Я люблю — страница 31 из 74

— Смотри, честной народ, смотри!.. Вот оно, дышит, припекает! Трещит на всю вселенную. Ай, хорошо, ай, здорово! А кто это сделал, кто? Бог наказал супостата? Нет, куда ему, руки коротки. Я это сделал, я!

Люди стояли у своих землянок и во все глаза смотрели на Егора: кто жалел коногона, кто боялся его удали, кто одобрял мстителя.

— Ты б помолчал, дурачина, — посоветовал ему Гарбуз.

— Не хочу молчать. Буду говорить.

— Схватят тебя, дурачина, закуют, в Сибирь погонят.

— А пусть хватают, пусть куют. Я того и желаю. Пострадать желаю. А за што? За свою любовь. Ради нее голову отдам. Одново раза мне страдать, а вам… всю жизнь терпеть, кровью да углем харкать до самой могилы. А через чего? Хозяйская копейка вас душит. Черствый хлеб горло дерет, страх валит на колени. А я… я… Эй, красные лампасы, где ваши цепи?!

Еще не успело догореть подворье Аганесова, как наскочили на Егора стражники, скрутили веревкой заломленные на спине руки и потащили на аркане в участок.

А Варька, что же с ней?

Не вернулась она домой ни в эту ночь, ни в другую, ни в третью. Надолго пропала. Месяца через три или четыре объявилась на базарной толкучке, разряженная, хмельная, с бесстыжими подбитыми глазами. Дружила с нищими, с ворами. Стояла на рыночных веселых углах, ждала угощения. А когда Аганесов отстроился на месте пожарища, перекочевала к нему в ночлежку. Расхватали там Варькино тело, залапали, истаскали.

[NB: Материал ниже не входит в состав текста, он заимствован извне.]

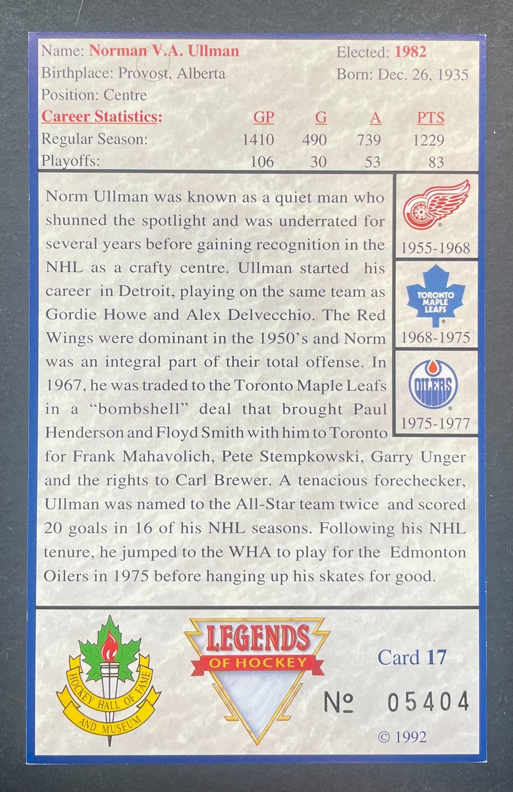 1992 Limited Edition Norm Ullman Signed Legends of Hockey Card NHL Red Wings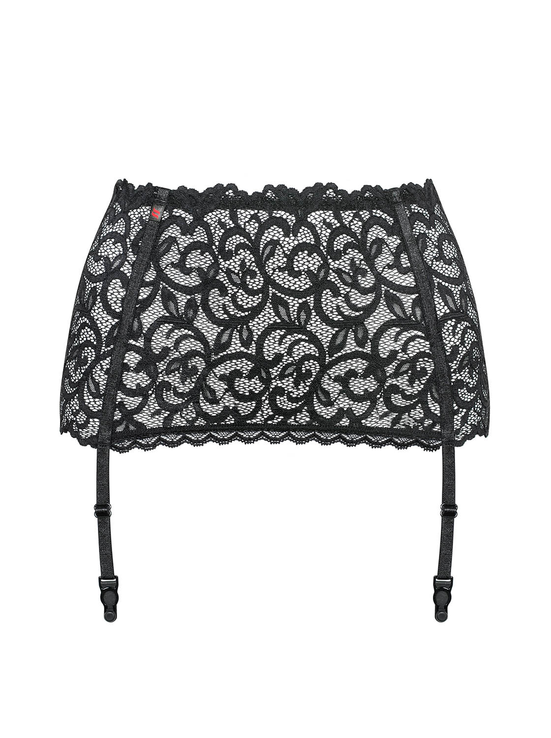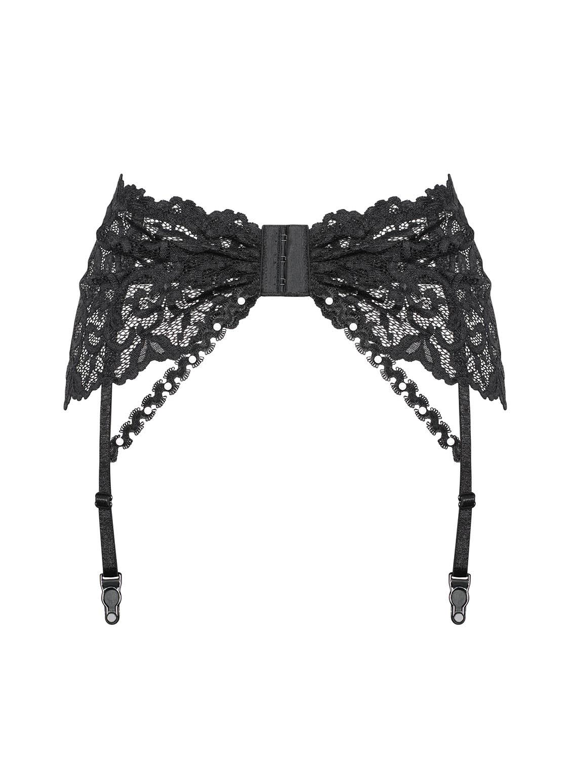 Highwaisted Garter Belt oder Strapsgürtel aus schwarzer Spitze, extrabreit mit floralem Muster, hinten mit feinen Riemchen und Perlenschmuck versehen, mit mehrstufigem Verschluß und vier verstellbaren Strumpfriemchen. Strümpfe sind nicht enthalten, können aber separat bestellt werden. Ein passender String ist inklusive.

Уже растеряв весь свой род, оставшись один, я встретил ее как-то на базаре. Пепельными пальцами она отщипывала желтые шарики теплого хлеба и глотала, как пилюли. Золотистая мякоть дымилась паром, закрывала желтые стертые губы Варьки. Волосы ее посерели. Скулы выдавались на бледном и худом лице.

Робко приблизилась ко мне, сказала тихо:

— Сань…

Я не выдержал, бросился ей в колени. Дрогнула Варька, присела, расслабленная, на землю и прижала мою голову к тому месту, где когда-то была твердая и теплая грудь.

Вокруг собралась базарная толпа.

— И как она, сердешная, убивается! — хлопала себя по жирным бедрам баба, навьюченная тяжелой корзиной.

— Сынка, видать, нашла! — прослезившись, догадывалась старушка в черном платке.

— А может, братеник? — вмешался кто-то.

— Братеник? Сказал тоже. У ней уже поди целый выводок на выданьи сидит да поженились не меньше.

А Варька гладила мои волосы, поправляла рваную рубашку, вытирала мои мокрые глаза, утешала:

— Не надо, Сань, родненький. Вот скоро лето будет, и мы опять с тобой побежим в лес, купаться…

ГЛАВА ВОСЕМНАДЦАТАЯ

На отца напал страх.

Он боится остаться наедине с собой, с нами, в низкой нетопленой землянке. Он приходит с работы и растерянно останавливается у двери, потерянный, чужой. Брезентовые намокшие рукавицы тянут руки к земле, на спине вырастает горб, голова повисает, а глаза что-то ищут.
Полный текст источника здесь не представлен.